Reducing erosion, ameliorating stress, resisting invasion: Roles for soil organisms in ecological restoration

Background/Question/Methods

Historically, ecological restoration has been focused on applied vascular plant succession. In dryland ecosystems such as those of the Colorado Plateau, the influence of plants upon the larger ecosystem is spatially discontinuous and represents only a portion of the system requiring ameliorative efforts. We assert that, in drylands where plant cover is limited, soil communities and processes are the foundation of terrestrial ecosystems and thus should be a focal point in ecological restoration activities. In this synthesis of our observational and experimental work in semi-arid regions of the USA, we pose the questions: (1) which roles might soil biota play in ecological restoration? (2) which groups of soil biota will play them? and (3) how might these different biota be manipulated in an ecological restoration context?

Results/Conclusions

We highlight three pathways by which soil organisms might promote ecosystem function and resilience and show promise as restoration materials or tools. 1. To be resilient in the face of climate change, an ecosystem must be able to retain resources such as soil fertility and moisture.
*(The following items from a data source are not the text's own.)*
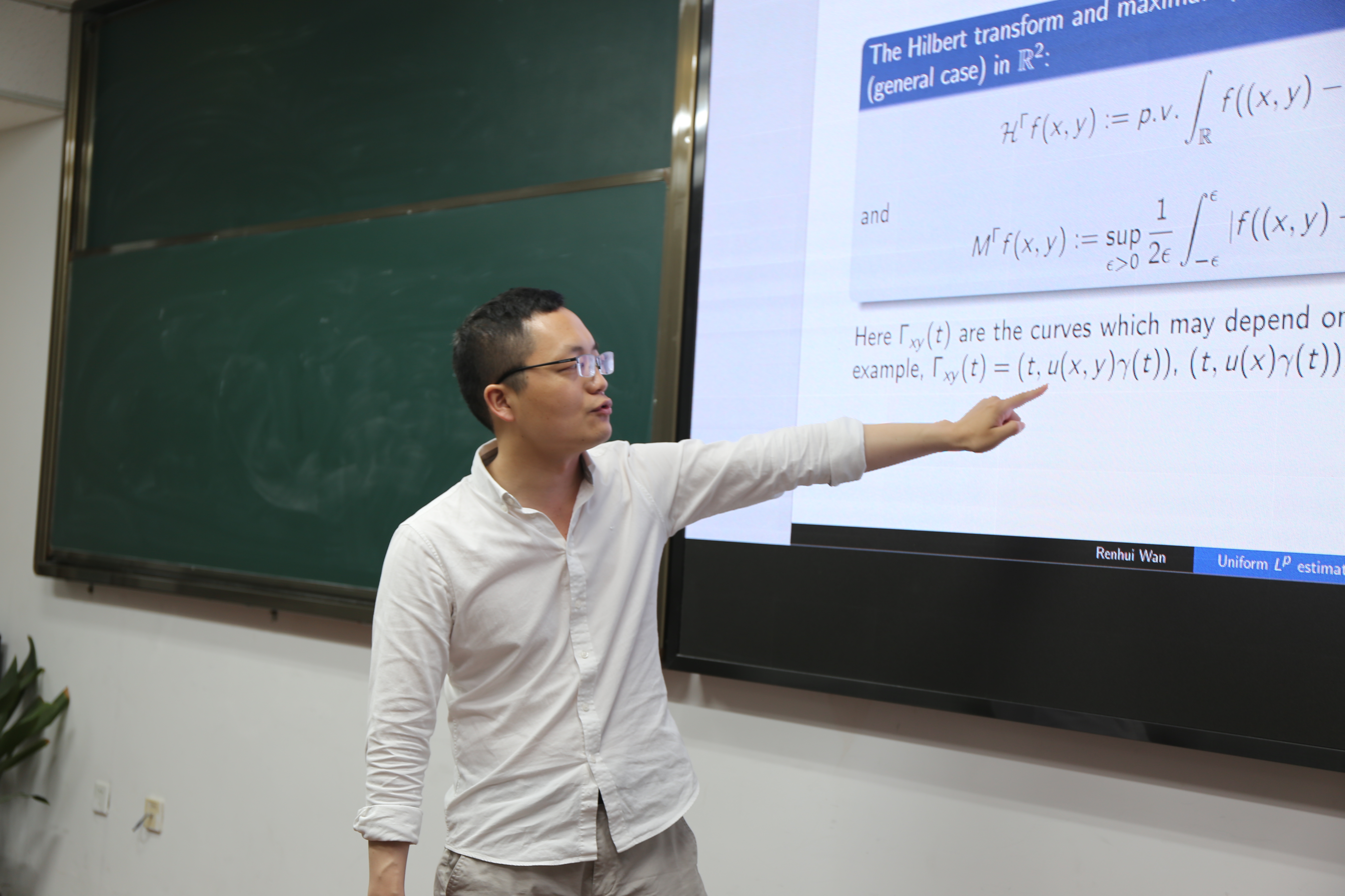 万仁辉副教授首先介绍了沿可变曲线希尔伯特变换和极大算子的基本形式,并且与沿固定曲线的情形做了详细对比,提出了不同之处与难点所在。然后介绍了相关的历史背景包括与方程中变系数情况的一些联系、相关Stein和Zygmund的重要猜想以及最新带有非零曲率的相关研究成果。最后给出了主要成果的证明框架,其中具体介绍了证明中所使用的时频分析技术、振荡积分理论中的驻相法和非驻相法。最后还提到了一种新的关键的估计分离集合的技术,并简要介绍了证明过程。报告的最后对相关问题进行了一些展望。
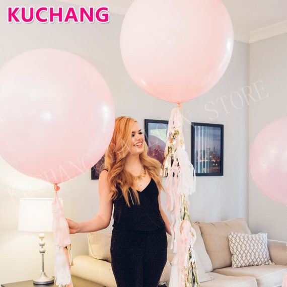 36inch Light Pink Giant Round Latex Balloon Pink Paper Tassels
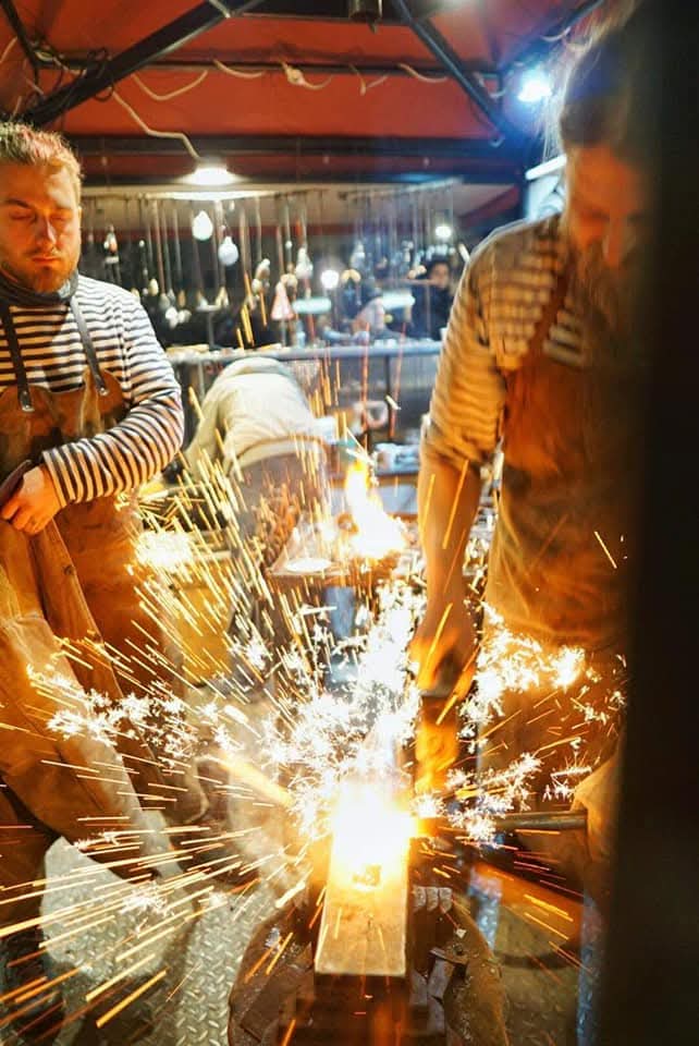 Ich möchte euch in dieser Woche beibringen dass am Ende dieses Workshops Eure Idee mit euren eigenen Händen entsteht. Ihr bekommt ein bisschen Geschichte und einen Exkurs zur Materialtheorie. Ich erkläre und zeige euch die Schmiedengrundtechniken. Ich werde euch individuell unterstützen mit Beratung oder mit Zuschlagen.
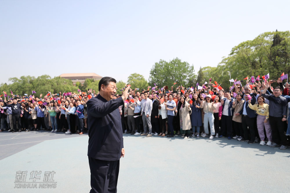 ↑2022年4月25日上午,習近平來到中國人民大學考察調研。這是習近平向師生們揮手致意。
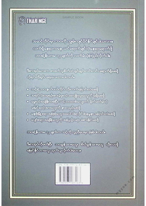 :: ဤစာအုပ်ကို စာမြည်းဖတ်လိုပါက “စာမြည်းရန်အီးဘွခ်” ဆိုသည်ကိုရွေး၍ (Buy it now) ခလုတ် ကိုနှိပ်ကာ၀ယ်ယူပေးပါ၊ အခမဲ့ အမှာစာ (Order) တင်ပြီးသည့်နောက်တွင် ၄င်းအီးဘွခ်ပီဒီအက်ဖ်ဖိုင် ဒေါင်းလုပ်ဆွဲရန်လင့်ကို စာဖတ်သူ၏ အီးမေလ်ထဲသို့ ပို့လိုက်မည်ဖြစ်ပါသည်၊

Erodibility and hydrology are very strongly influenced by the characteristics of biological soil crusts (biocrusts) on the Colorado Plateau. These communities can and have been restored; improvement of culture, production and delivery techniques for biocrust cyanobacteria and mosses are key to their adaptation as future restoration tools. 2. Arbuscular mycorrhizal fungi (AMF) are plant root symbionts, enhancing nutrient and water status of most Colorado Plateau plants. Co-adaptation of plants and AMF communities may also be a mechanism by which plants adapt to their local soil and climatic environment. As climate change introduces novel environments, assisted migration of both plant ecotypes and their co-adapted fungi may become important. Management practices that enhance native AMF communities have the potential to promote soil stability, enhance native plant establishment and resist invasion of certain non-native plant species. 3. Invasion by nitrophilic exotic annual grasses such as Bromus tectorum is a common syndrome that can result in altered fire cycles and reduced native plant performance. Addition of carbon substrates stimulates soil bacterial and fungal communities, immobilizing nitrogen and removing a competitive advantage from B. tectorum. These three examples illustrate ways in which a plant and soil focused approach to ecological restoration may ultimately improve on-the-ground success and assist restoration practitioners in responding to future uncertainties associated with climate change.